Correlation Between Rational Special and Catalyst/cifc Floating
Can any of the company-specific risk be diversified away by investing in both Rational Special and Catalyst/cifc Floating at the same time? Although using a correlation coefficient on its own may not help to predict future stock returns, this module helps to understand the diversifiable risk of combining Rational Special and Catalyst/cifc Floating into the same portfolio, which is an essential part of the fundamental portfolio management process.
By analyzing existing cross correlation between Rational Special Situations and Catalystcifc Floating Rate, you can compare the effects of market volatilities on Rational Special and Catalyst/cifc Floating and check how they will diversify away market risk if combined in the same portfolio for a given time horizon. You can also utilize pair trading strategies of matching a long position in Rational Special with a short position of Catalyst/cifc Floating. Check out your portfolio center. Please also check ongoing floating volatility patterns of Rational Special and Catalyst/cifc Floating.
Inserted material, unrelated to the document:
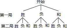 (2)如果两人约定:只要谁率先胜两局,就成了游戏的赢家.用树形图或列表法求只进行两局游戏便能确定赢家的概率.
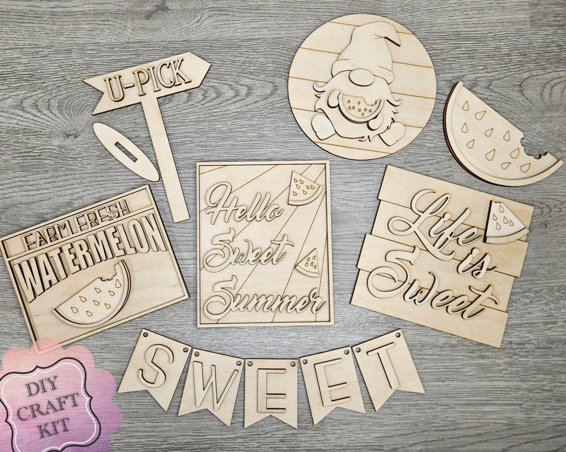 4 inch is cut on 1/8" birch, 10 inch & larger is cut on 1/4" maple

Diversification Opportunities for Rational Special and Catalyst/cifc Floating
0.9 | Correlation Coefficient |
Almost no diversification
The 3 months correlation between Rational and Catalyst/cifc is 0.9. Overlapping area represents the amount of risk that can be diversified away by holding Rational Special Situations and Catalystcifc Floating Rate in the same portfolio, assuming nothing else is changed. The correlation between historical prices or returns on Catalyst/cifc Floating and Rational Special is a relative statistical measure of the degree to which these equity instruments tend to move together. The correlation coefficient measures the extent to which returns on Rational Special Situations are associated (or correlated) with Catalyst/cifc Floating. Values of the correlation coefficient range from -1 to +1, where. The correlation of zero (0) is possible when the price movement of Catalyst/cifc Floating has no effect on the direction of Rational Special i.e., Rational Special and Catalyst/cifc Floating go up and down completely randomly.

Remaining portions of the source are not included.